This script follows a simple pattern that you’ll often see in data processing scripts:

Start by getting a list of the files (or other data) you want to work with

Write a helper function that can process a single piece of data from the above file

Use the for loop to call helper functions that process each individual piece of data, one at a time.

Let’s test this script with a folder of 1000 JPeGs to see how long it takes to run:

It took 8.9 seconds to run the program, but how hard did the computer really work?

Let’s run the program again to see what the activity monitor looks like as the program runs:

75% of the computer’s processing resources are idle! What’s going on here?

The reason for this problem is that my computer has four cpus and Python only uses one. So the program just goes all out on one CPU while the other three do nothing. So I needed a way to divide the workload into four separate parts that I could work on in parallel. Fortunately, there is an easy way to do this in Python!

Try creating multiple processes

Here’s a way to process data in parallel:

1. Divide the JPEG file into 4 small pieces. 2. Run four separate instances of the Python interpreter. 3. Have each Python instance process one of these four blocks of data. 4. Combine the results of the four parts to obtain the final list.

Four Python copies running on four separate cpus should handle about four times as much work as one CPU, right?

Best of all, Python has done the hard work for us. All we have to do is tell it which function we want to run and how many instances to use, and it will do the rest. We only need to change three lines of code.

First, we need to import the concurrent.futures library, which is built into Python:

import concurrent.futures

Next, we need to tell Python to start four additional Python instances. We do this by asking Python to create a Process Pool:

with concurrent.futures.ProcessPoolExecutor() as executor:

By default, it creates one Python process for each CPU on your computer, so if you have four cpus, four Python processes will start. Therefore, if you want to learn Python, it is necessary to listen to the teacher’s class and receive the benefits of Python. If you want to learn Python, you can go to the weixin (same pronunciation) of Teacher Mengya: the front group is: Mengy, the back group is: 7762, and she will arrange to learn the above two groups of letters in order.

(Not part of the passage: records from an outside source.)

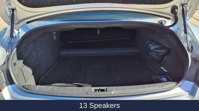 • Radio: AM/FM/HD w/Navigation -inc: Bose performance series audio 13-speaker stereo w/Bose Centerpoint simulated surround, CD, Apple CarPlay, Siri eyes free, Android Auto, Bluetooth® handsfree phone system w/hands-free text messaging assistant, 2 USB connection ports (1 Type A, 1 Type C), auxiliary input jacks, SiriusXM satellite radio w/3 month complimentary trial and streaming audio via Bluetooth®, Navigation w/lane guidance, 3D building graphics and 5 year complimentary trial access to premium traffic and MapCare, INFINITI InTouch w/Wi-Fi hotspot, voice recognition for navigation functions, including 1-shot voice destination entry, SiriusXM Traffic w/3 month complimentary trail access to real-time traffic information, SiriusXM Travel Link w/3 month complimentary trail access to weather, fuel prices, stock prices, sports scores, movie listings and parking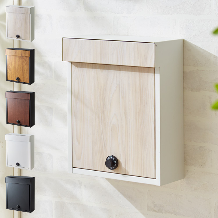 郵便ポスト、ダイヤル式、壁掛け、壁付け、スチール製、角2対応、A4対応、大容量、省スペース、スチール製、軽量、サビにくい、木目調、おしゃれ、北欧、鍵付き、セキュリティ、壁掛けポスト、メールボックス、POST、ナチュラル×ホワイト、ブラウン×ブラック、キャメル×ブラック、ブラック、ホワイト
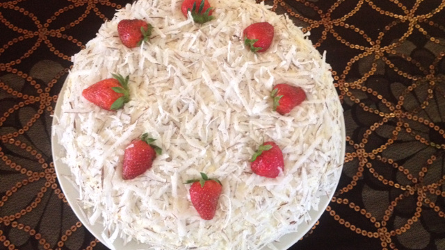Génoise, sirop parumé au malibu, mousse à la noix de coco.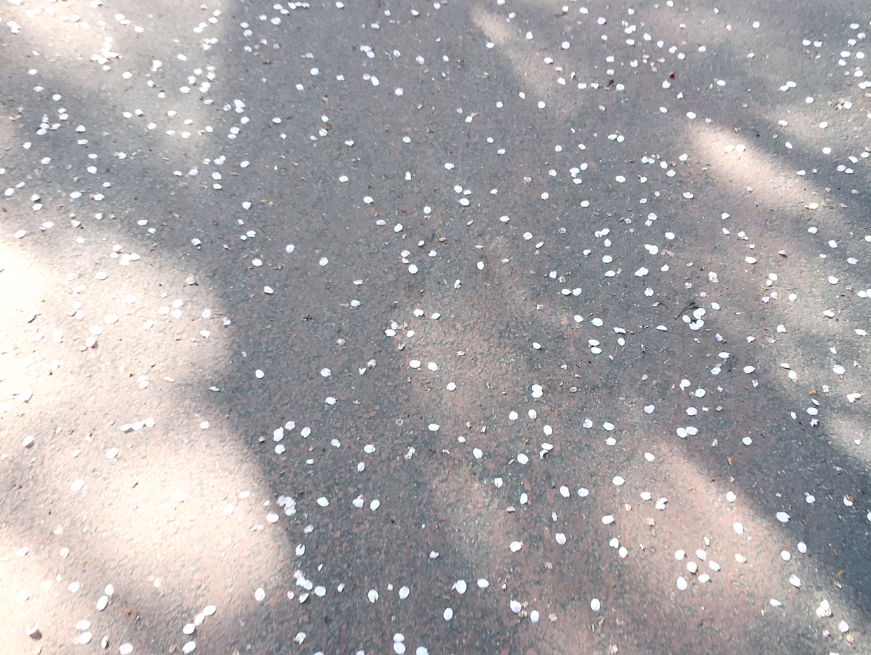 봄의 끄트머리 숲은 벗꽃잎들이 바람에 나부껴 덤으로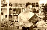 Young girl buyer chooses different sweets in grocery store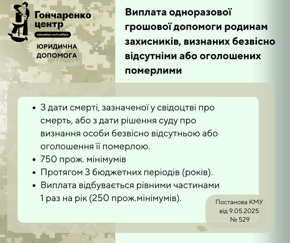 Юрист гарячої лінії Гончаренко центру Олександр Романов попереджає: якщо родина спочатку оформить виплату як за безвісно відсутнього (750 прожиткових мінімумів за 3 роки за постановою № 336), а пізніше з’ясується, що загибель мала ознаки, які підпадають під допомогу у розмірі 15 млн. грн. (постанова N 168), то можуть виникнути проблеми із її отриманням.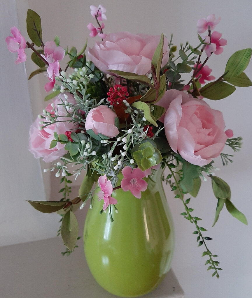 lime green vase with a variety of pink florals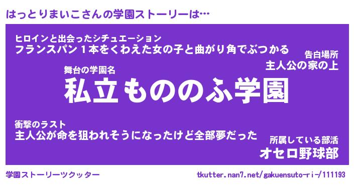 | 女子向けラノベタイトル風あだ名 | 『(仮)はっとりまいこのやんごとなき事情』 |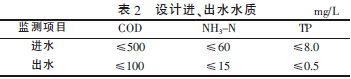 試驗設(shè)計進、出水水質(zhì)如表2所示。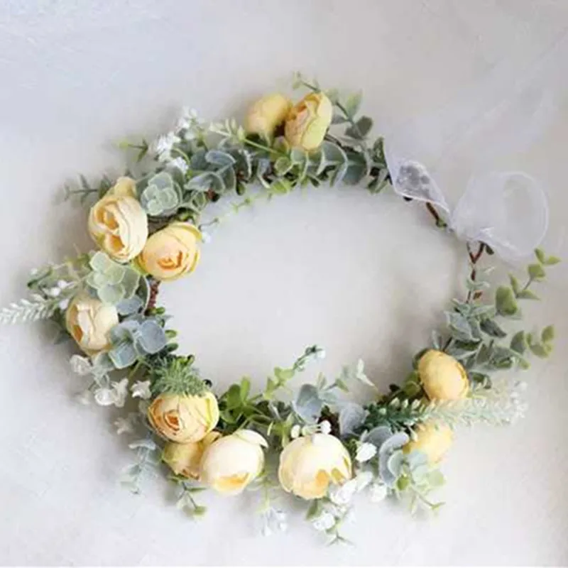 Венок из цветов камелии, Корона праздничный головной убор, женские аксессуары для волос, головной убор для девочек, цветочная гирлянда, Свадебный Цветочный головной убор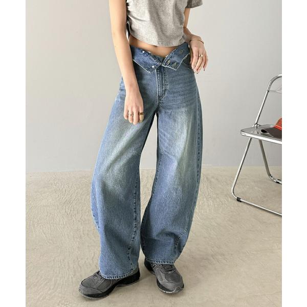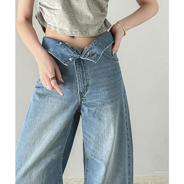 トレンド感抜群。アシメウエストカーブデニムパンツ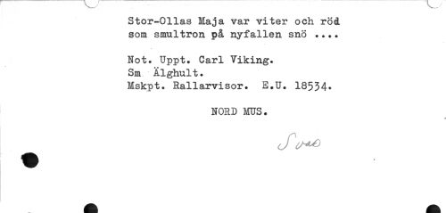 //// Stor-Ollas Maja var viter och röå som smultron på nyfallen snö ... //// Hot. Uppt. Carl Viking. Sm Älghult. //// Mskpt. Hallarvisor. E.U. 18534* //// HORD MUS. //// t //// Si^U) ////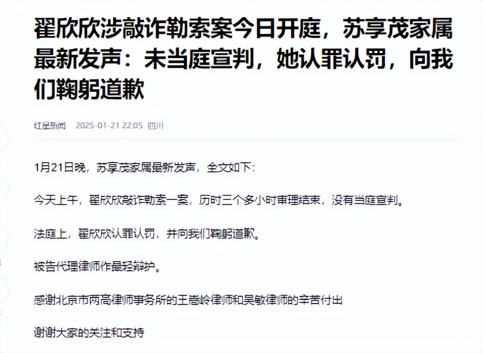 红星新闻——翟欣欣涉敲诈勒索案今日开庭,苏享茂家属最新发声:未当庭宣判,她认罪认罚,向我们鞠躬道歉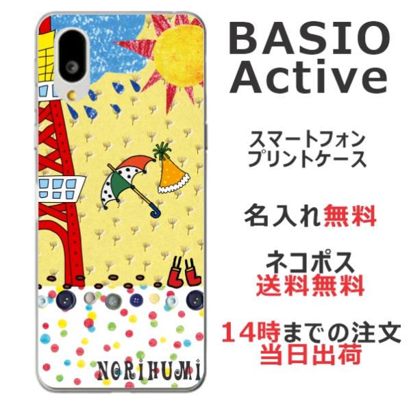 BASIO Active SHG09 ベイシオアクティブ らふら 名入れ スマホケース お天気雨お散歩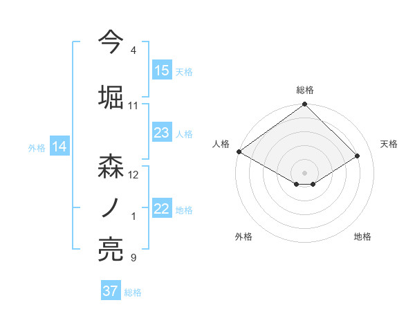 今堀 森ノ亮さんを姓名の画数から五運を鑑定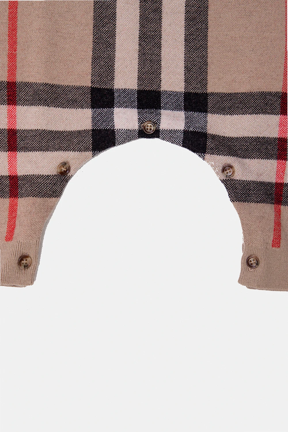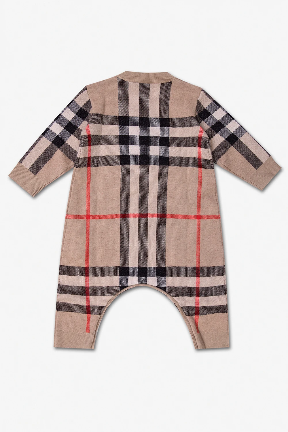 Beige baby jumpsuit from Burberry Kids. Crafted from a wool and cashmere blend, this design features button fastenings, multicolored check pattern and long sleeves.

The final step is to have the created Process Pool use these four processes to execute our helper functions on the data list. To complete this step, we loop our existing for loop:

The executor.map() function is called with auxiliary functions and a list of data to process. This function does all the dirty work for me, including dividing the list into sublists, sending the sublists to each subprocess, running the subprocesses, and merging the results. Well done!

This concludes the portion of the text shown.